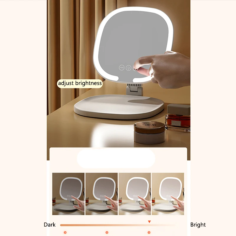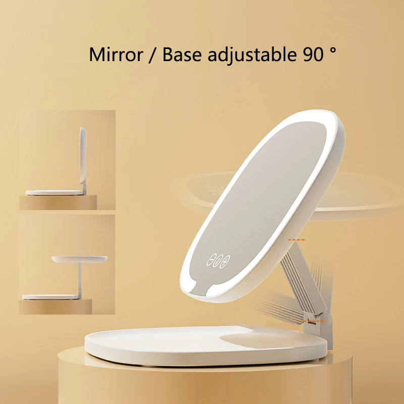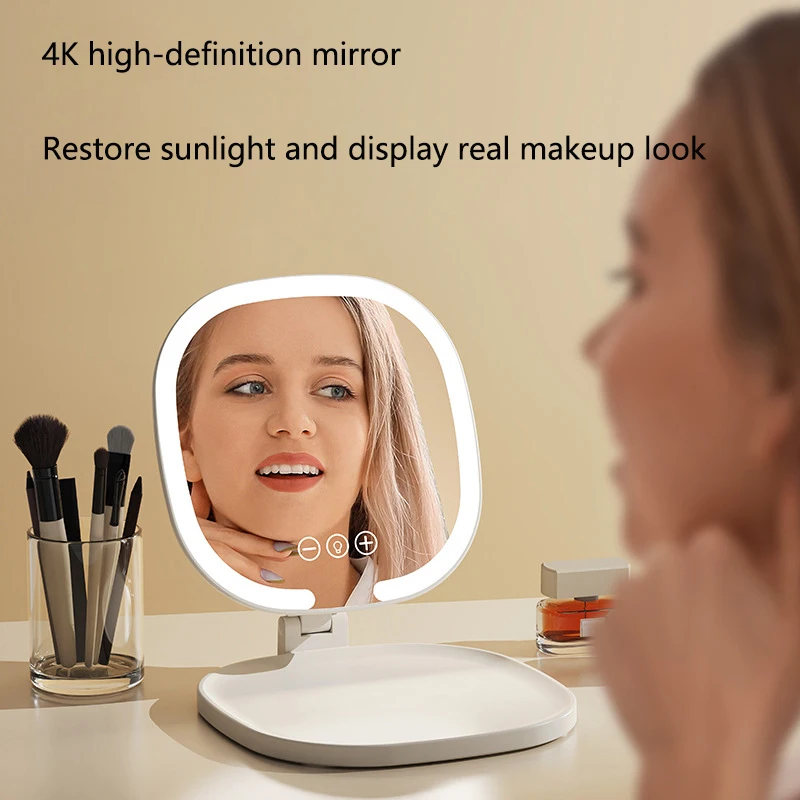 Miroir de maquillage pliable 4K HD, lumière LED tricolore, miroir de vanité de bureau pour chambre à coucher, contrôle Intelligent, miroirs cosmétiques réglables
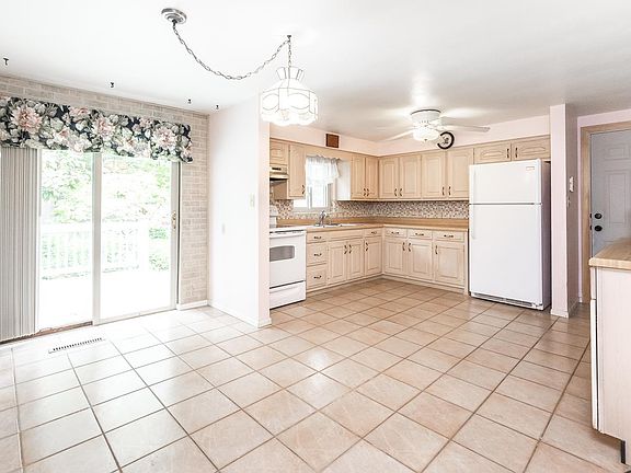 & linen closet. The updated eat-in kitchen has lots of cabinets, ceramic flooring & sliding doors to
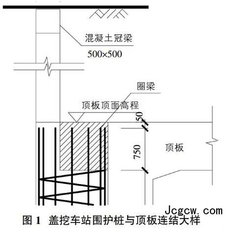 盖挖节点的设计需要每个工况功能要求,而每个阶段顶板与支座的连接形式对计算结果都影响很大。围护桩与顶板可采用铰接接头、刚性接头和不完全刚性接头三种形式。考虑到让围护桩参与抗浮并利用围护桩帮助顶板受力,本站设计将围护桩钢筋伸入顶板,桩顶设圈梁如图1所示。计算按不完全刚性接头考虑。

===============

Work required:
Retype the whole of the data verbatim. Skip every picture.

Output of the task:
 Miroir de maquillage pliable 4K HD, lumière LED tricolore, miroir de vanité de bureau pour chambre à coucher, contrôle Intelligent, miroirs cosmétiques réglables
 & linen closet. The updated eat-in kitchen has lots of cabinets, ceramic flooring & sliding doors to
 盖挖节点的设计需要每个工况功能要求,而每个阶段顶板与支座的连接形式对计算结果都影响很大。围护桩与顶板可采用铰接接头、刚性接头和不完全刚性接头三种形式。考虑到让围护桩参与抗浮并利用围护桩帮助顶板受力,本站设计将围护桩钢筋伸入顶板,桩顶设圈梁如图1所示。计算按不完全刚性接头考虑。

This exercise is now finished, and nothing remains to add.